** About this exercise **
Your output should be the exact lines from the start of the data through the line containing "Classical Halloween Festival", with no pictures.

** Information shown **
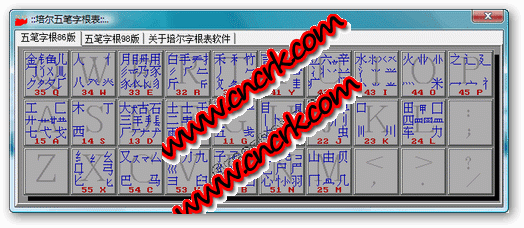本軟件完全免費使用,具有QQ的自動窗口收縮功能,方便學(xué)習(xí)五筆字型及使用五筆字型打字的人員進行字根查詢,本軟件包含五筆86、98兩種字根表??蓪崿F(xiàn)程序自啟動功能。
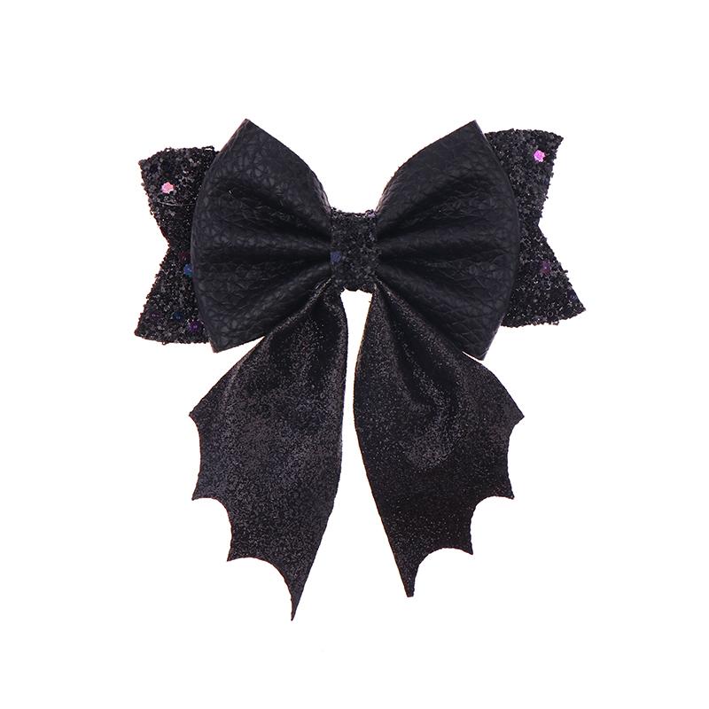 Classical Halloween Festival Girl'S Chunky Leather Bat Hair Bow Clip Wholesale Diy Hair Accessories Headwear Barrette
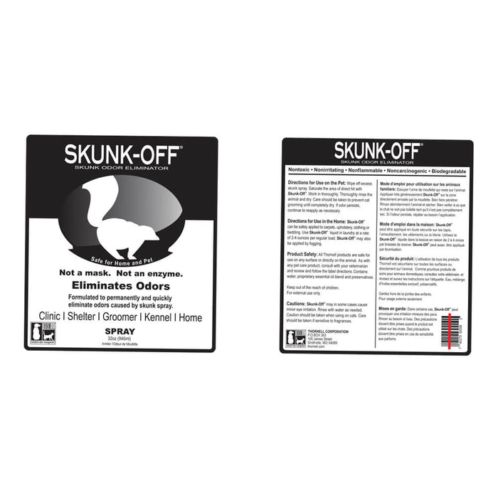 CAUTIONS/WARNINGS: Skunk-Off may in some cases cause minor eye irritation. Rinse with water as needed. Caution should be taken when using on cats. Be sure to thoroughly rinse if using Skunk-Off on cats. Cats are natural groomers they continually lick their hair coat. Skunk-Off in the cat's mouth is not dangerous but it may cause excessive drooling. Keep out of the reach of children. For external use only. Product Safety: All Thornell products are safe for use on any surface or directly on the animal. As with any pet care product, consult with your veterinarian and review and follow the label directions.
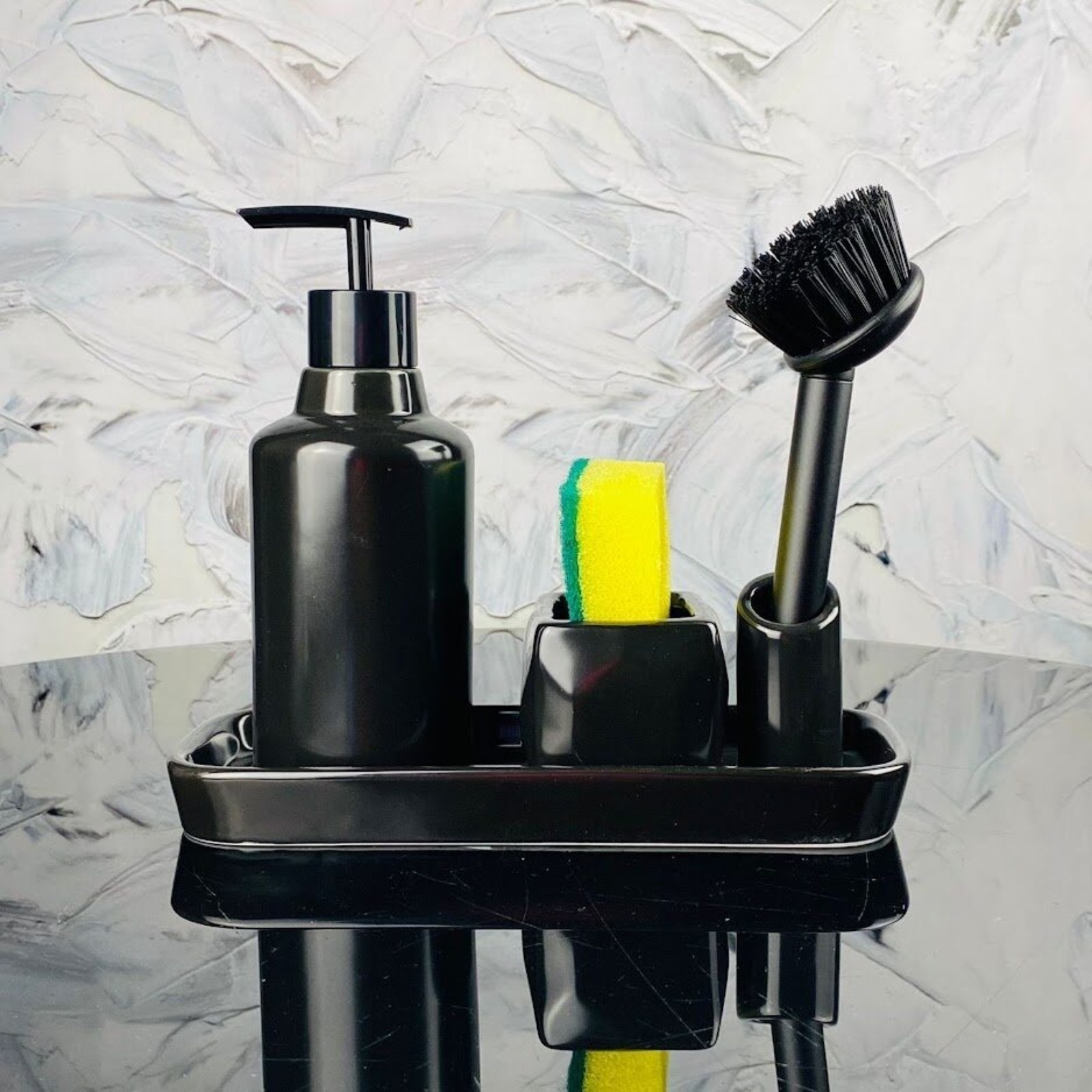 Набор кухонный Lenardi: диспенсер с щёткой и губкой, на подставке, фарфор

** Task answer **
本軟件完全免費使用,具有QQ的自動窗口收縮功能,方便學(xué)習(xí)五筆字型及使用五筆字型打字的人員進行字根查詢,本軟件包含五筆86、98兩種字根表??蓪崿F(xiàn)程序自啟動功能。
 Classical Halloween Festival Girl'S Chunky Leather Bat Hair Bow Clip Wholesale Diy Hair Accessories Headwear Barrette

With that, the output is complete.